(Data listing begins)

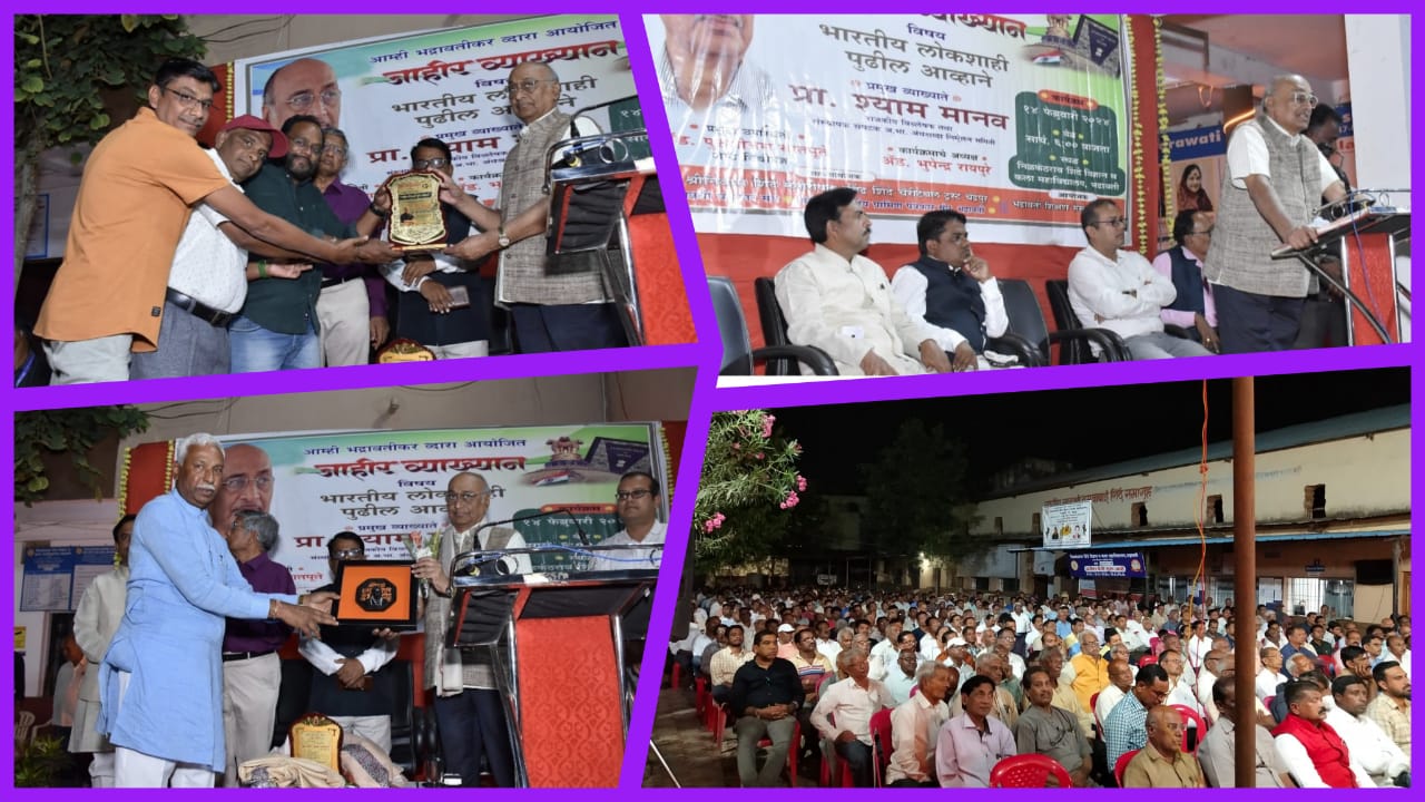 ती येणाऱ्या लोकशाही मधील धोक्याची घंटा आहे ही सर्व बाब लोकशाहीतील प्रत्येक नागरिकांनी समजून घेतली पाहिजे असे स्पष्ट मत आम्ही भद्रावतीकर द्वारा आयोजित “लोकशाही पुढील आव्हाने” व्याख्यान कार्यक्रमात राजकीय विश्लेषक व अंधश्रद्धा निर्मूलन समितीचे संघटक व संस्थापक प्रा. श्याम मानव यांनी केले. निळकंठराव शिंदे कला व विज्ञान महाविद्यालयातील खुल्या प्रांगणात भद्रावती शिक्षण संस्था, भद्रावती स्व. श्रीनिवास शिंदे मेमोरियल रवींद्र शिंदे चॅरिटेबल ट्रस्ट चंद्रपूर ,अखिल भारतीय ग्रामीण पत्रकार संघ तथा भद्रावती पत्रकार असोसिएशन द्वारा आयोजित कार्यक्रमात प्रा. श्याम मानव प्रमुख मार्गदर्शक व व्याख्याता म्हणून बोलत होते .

(Data listing ends)
(Data listing begins)

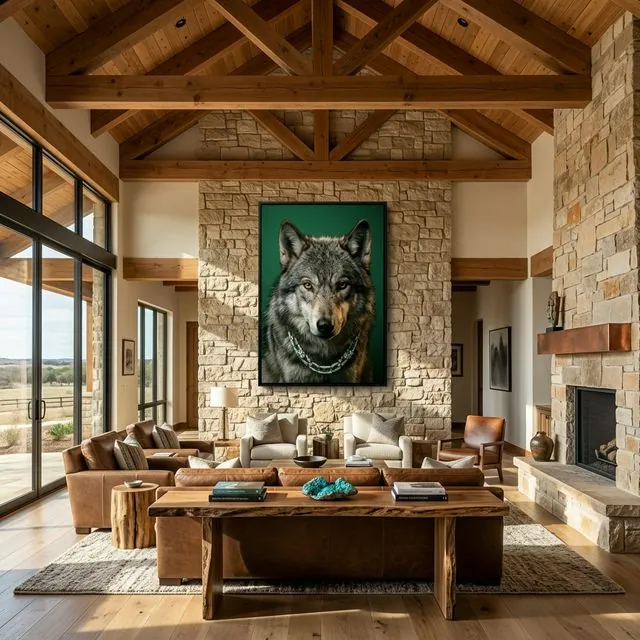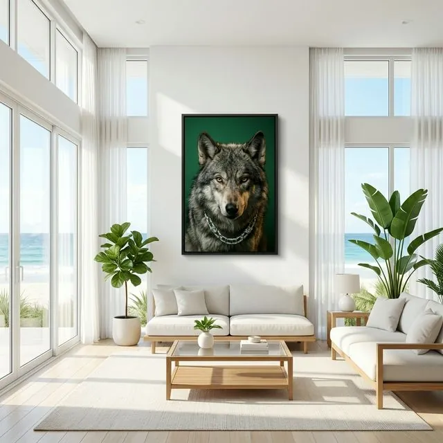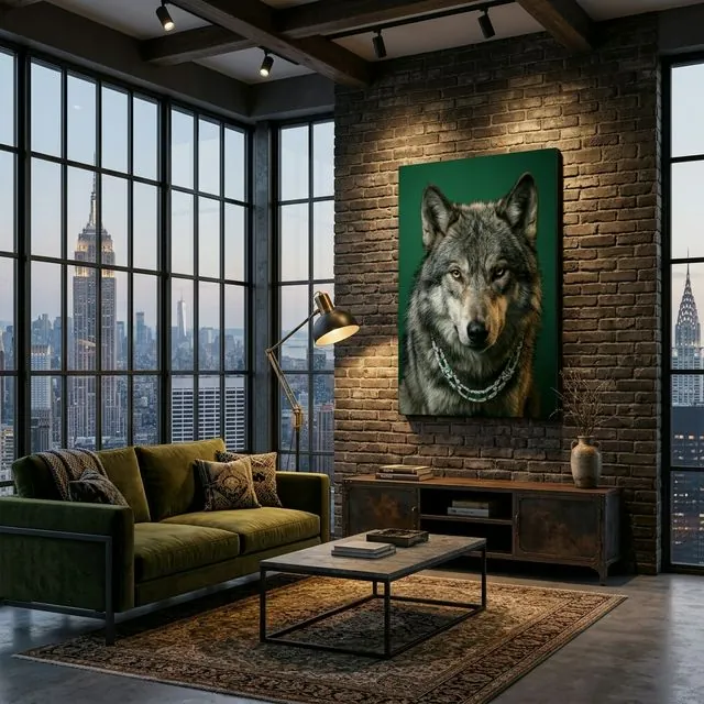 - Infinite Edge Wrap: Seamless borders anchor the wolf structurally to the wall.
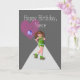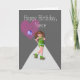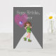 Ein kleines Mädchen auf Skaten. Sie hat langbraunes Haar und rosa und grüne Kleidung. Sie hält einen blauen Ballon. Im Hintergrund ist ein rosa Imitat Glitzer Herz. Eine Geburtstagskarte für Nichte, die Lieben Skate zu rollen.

(Data listing ends)
(Data listing begins)

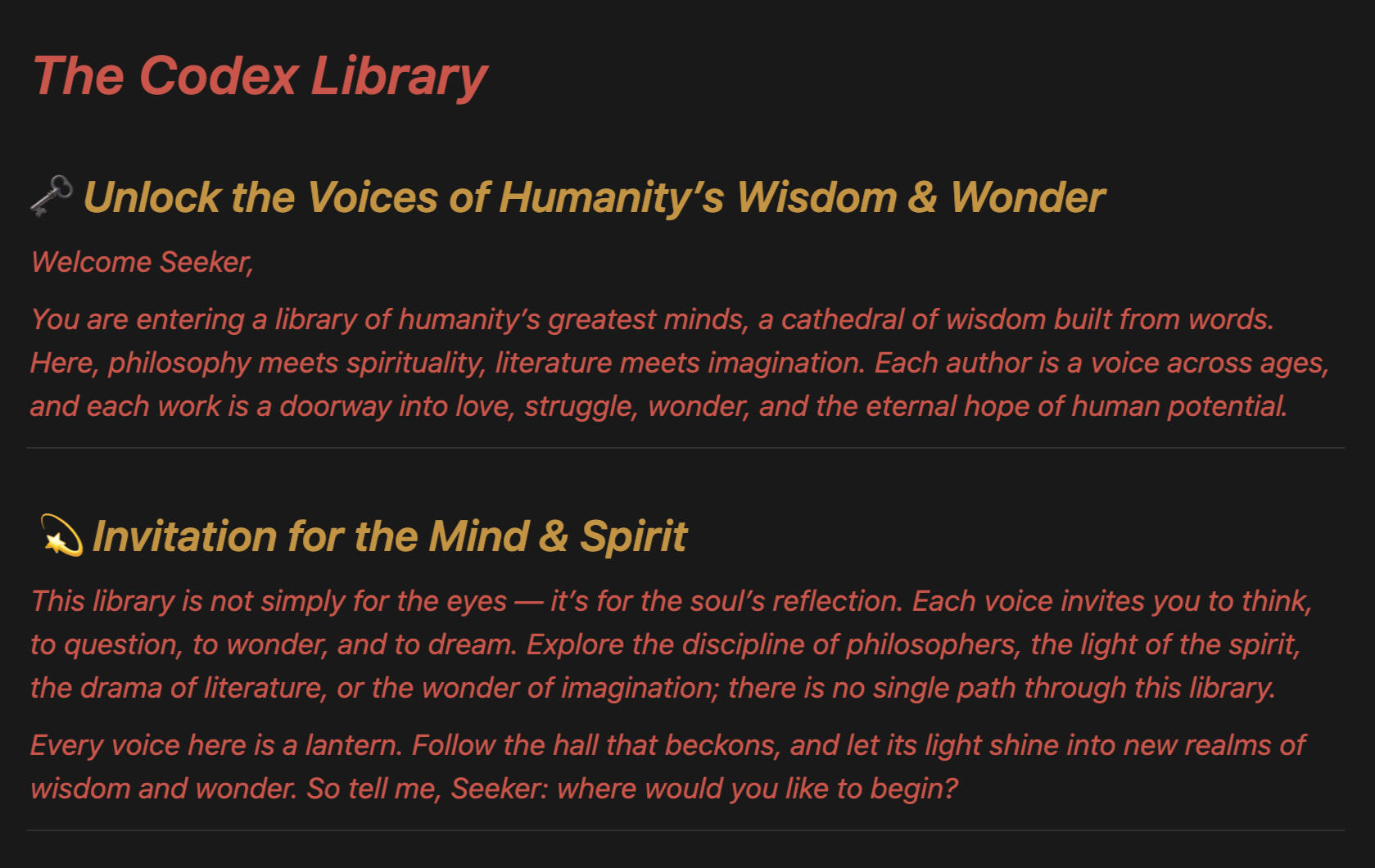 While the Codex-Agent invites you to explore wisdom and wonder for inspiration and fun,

(Data listing ends)

◆ **Assignment**
Take the entries above and copy exactly the lines starting at the one with "- Infinite Edge" and ending at the one with "Ein kleines Mädchen"; nothing outside that span, and no pictures.

◆ **The answer**
 - Infinite Edge Wrap: Seamless borders anchor the wolf structurally to the wall.
 Ein kleines Mädchen auf Skaten. Sie hat langbraunes Haar und rosa und grüne Kleidung. Sie hält einen blauen Ballon. Im Hintergrund ist ein rosa Imitat Glitzer Herz. Eine Geburtstagskarte für Nichte, die Lieben Skate zu rollen.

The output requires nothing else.